Stored items
┄┄┄┄┄┄┄┄┄┄
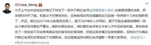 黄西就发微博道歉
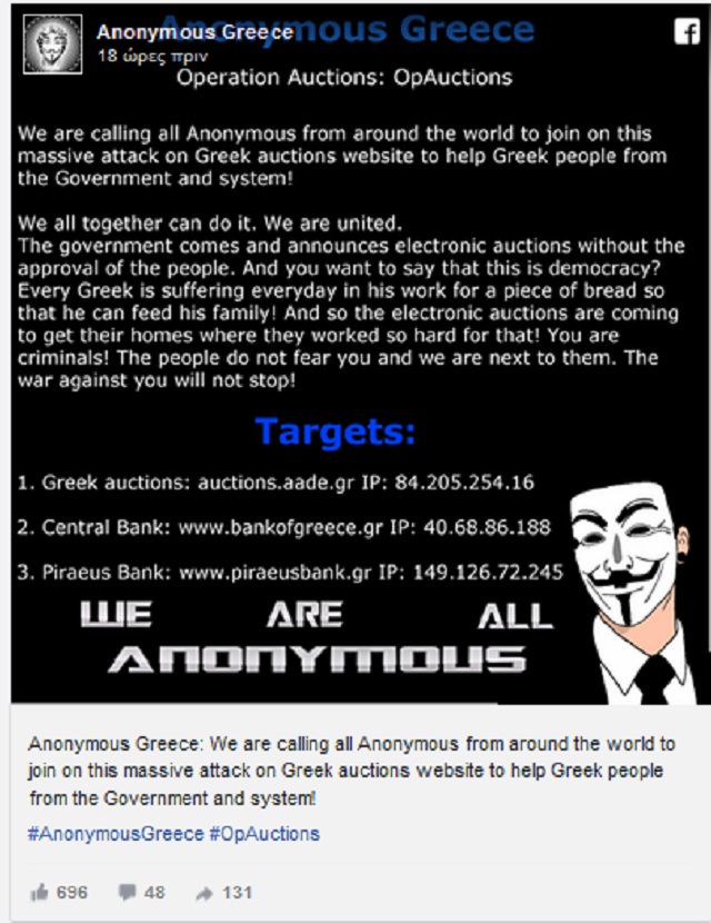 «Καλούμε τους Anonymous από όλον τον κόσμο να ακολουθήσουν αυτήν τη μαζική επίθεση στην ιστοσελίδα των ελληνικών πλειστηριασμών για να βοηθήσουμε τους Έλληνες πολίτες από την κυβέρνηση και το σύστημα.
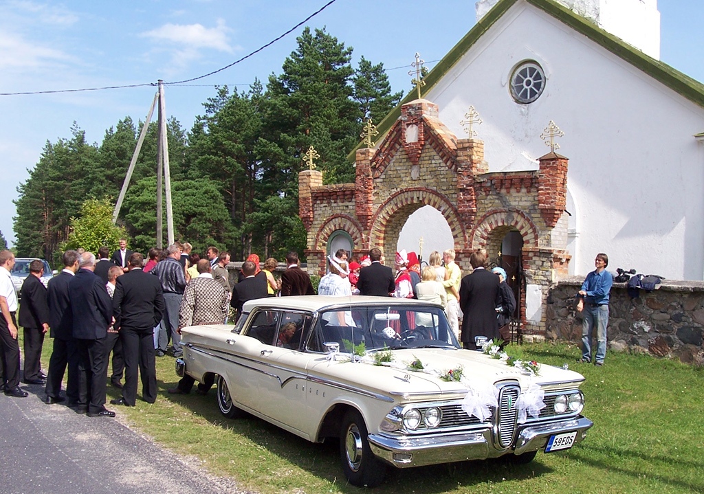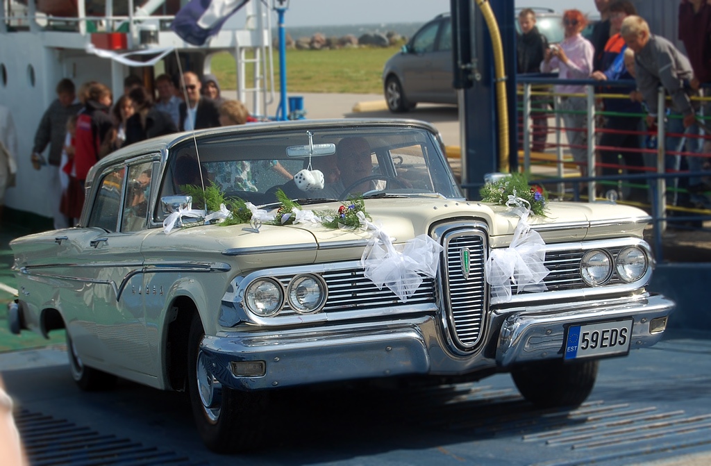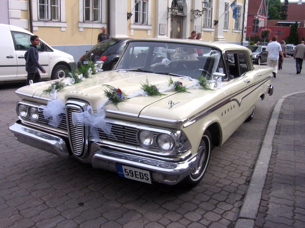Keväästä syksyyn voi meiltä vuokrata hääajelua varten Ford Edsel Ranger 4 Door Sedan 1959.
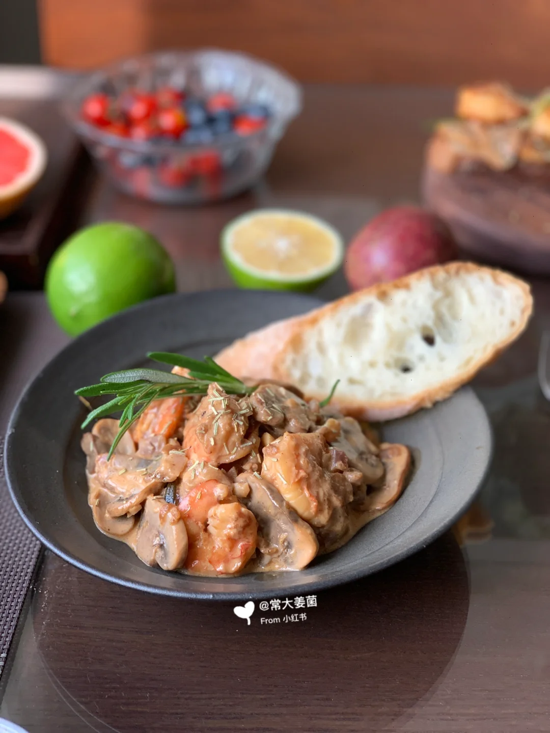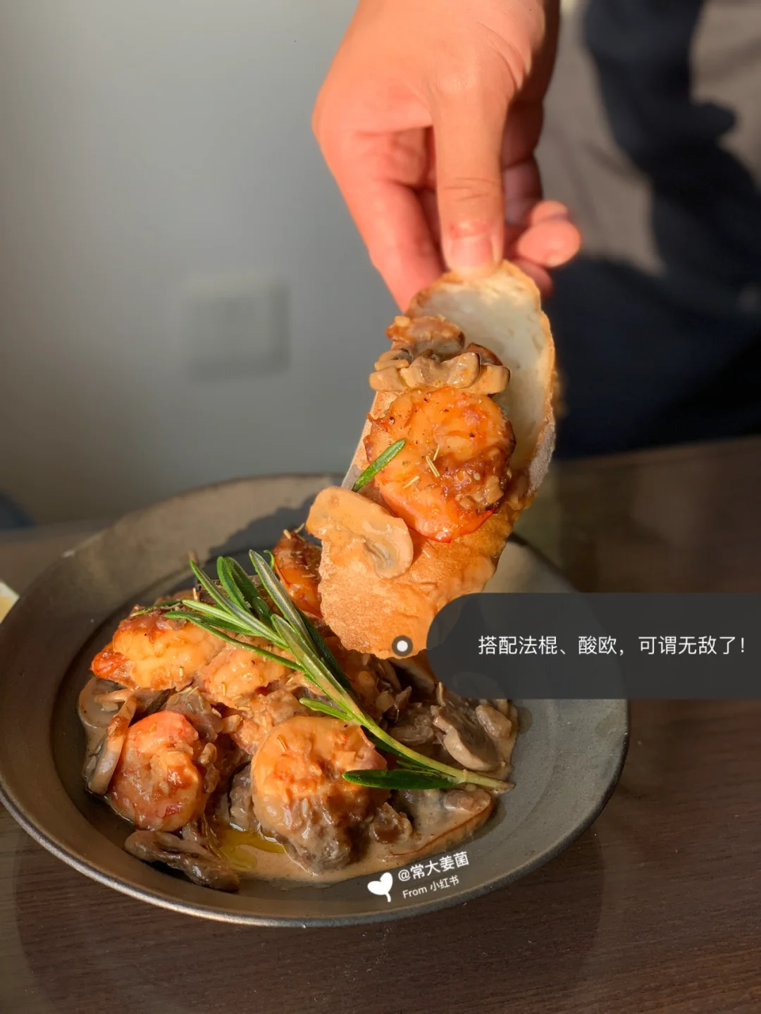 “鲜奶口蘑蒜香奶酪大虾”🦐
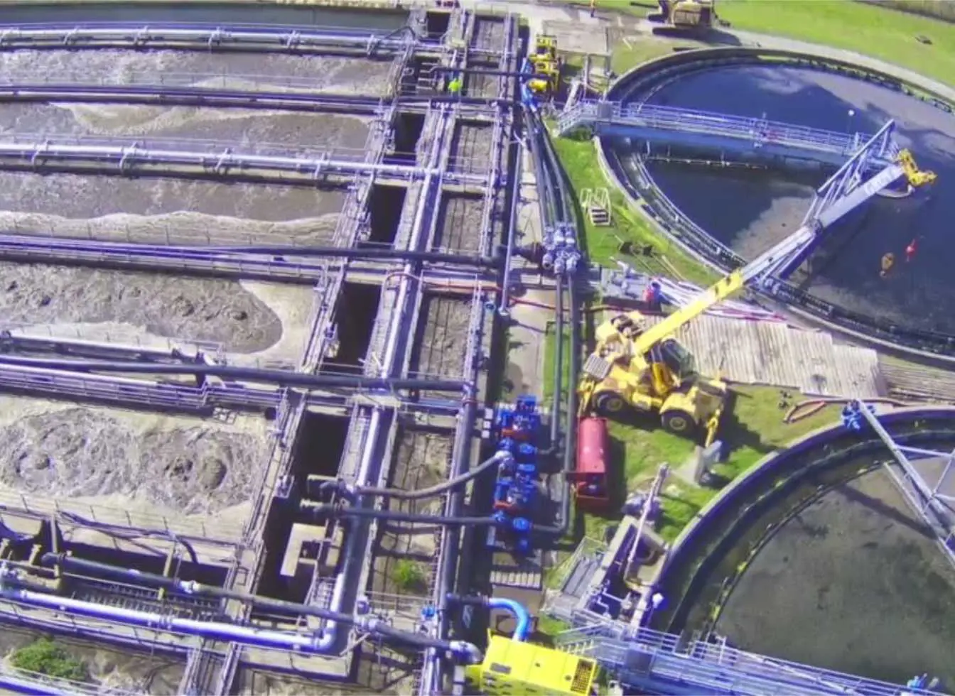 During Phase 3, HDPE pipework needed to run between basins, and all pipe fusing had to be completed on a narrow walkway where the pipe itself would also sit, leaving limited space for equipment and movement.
┄┄┄┄┄┄┄┄┄┄
From the line with "Keväästä syksyyn voi" to the last line above, restate each line word for word, but skip the pictures.

Keväästä syksyyn voi meiltä vuokrata hääajelua varten Ford Edsel Ranger 4 Door Sedan 1959.
 “鲜奶口蘑蒜香奶酪大虾”🦐
 During Phase 3, HDPE pipework needed to run between basins, and all pipe fusing had to be completed on a narrow walkway where the pipe itself would also sit, leaving limited space for equipment and movement.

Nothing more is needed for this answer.